:: RECORDS SHOWN

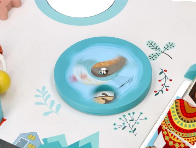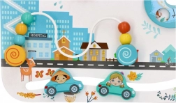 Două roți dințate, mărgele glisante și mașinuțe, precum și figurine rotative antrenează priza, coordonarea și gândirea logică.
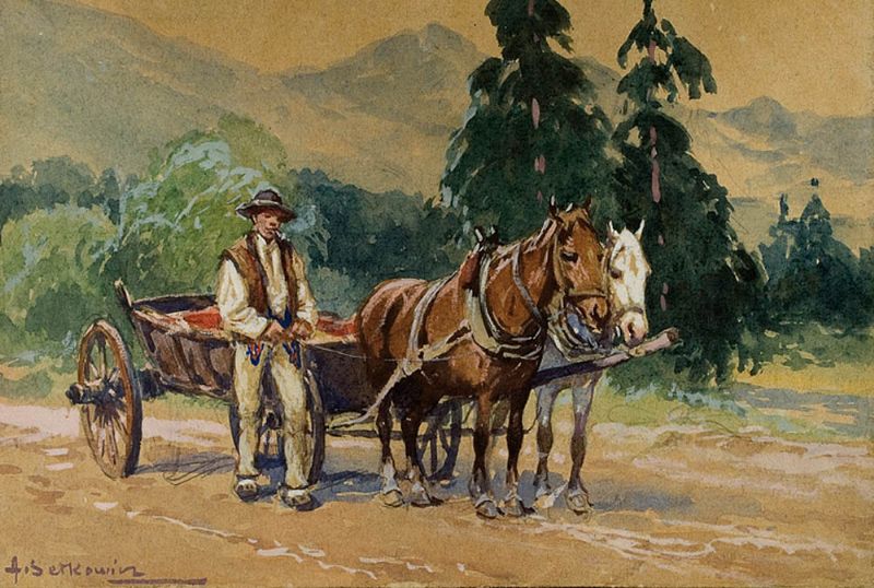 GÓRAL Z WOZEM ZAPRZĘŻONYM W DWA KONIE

::::
:: RECORDS SHOWN

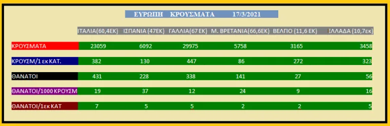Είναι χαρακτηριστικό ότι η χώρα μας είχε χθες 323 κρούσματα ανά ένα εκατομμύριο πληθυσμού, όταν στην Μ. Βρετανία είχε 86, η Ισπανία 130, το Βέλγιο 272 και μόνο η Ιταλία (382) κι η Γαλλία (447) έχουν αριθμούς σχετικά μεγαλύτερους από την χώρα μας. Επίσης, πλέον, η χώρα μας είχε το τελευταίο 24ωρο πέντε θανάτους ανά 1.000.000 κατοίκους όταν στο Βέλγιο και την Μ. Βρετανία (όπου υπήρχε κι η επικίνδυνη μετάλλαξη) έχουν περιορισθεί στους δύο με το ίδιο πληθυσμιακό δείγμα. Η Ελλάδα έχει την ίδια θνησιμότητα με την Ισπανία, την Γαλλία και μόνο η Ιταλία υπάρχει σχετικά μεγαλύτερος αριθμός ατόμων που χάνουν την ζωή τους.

::::
:: RECORDS SHOWN

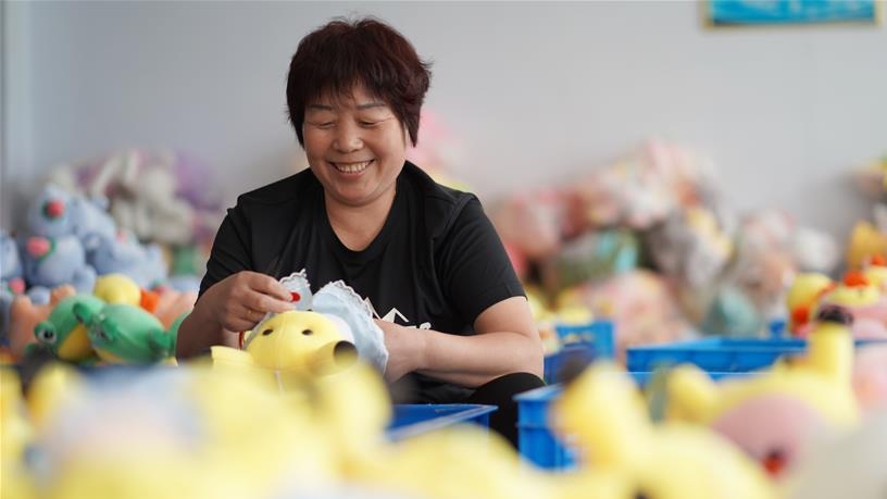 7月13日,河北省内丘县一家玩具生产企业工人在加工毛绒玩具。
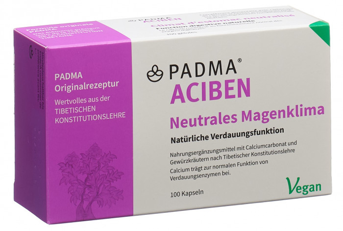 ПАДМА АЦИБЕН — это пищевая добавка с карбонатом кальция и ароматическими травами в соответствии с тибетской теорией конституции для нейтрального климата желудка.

::::

▶ _ASSIGNMENT_: Print exactly the lines above that run from the one with "Două roți dințate, mărgele" down to the one with "GÓRAL Z WOZEM ZAPRZĘŻONYM W DWA KONIE", and omit the pictures.

▶ _OUTPUT FOR THIS TASK_:
 Două roți dințate, mărgele glisante și mașinuțe, precum și figurine rotative antrenează priza, coordonarea și gândirea logică.
 GÓRAL Z WOZEM ZAPRZĘŻONYM W DWA KONIE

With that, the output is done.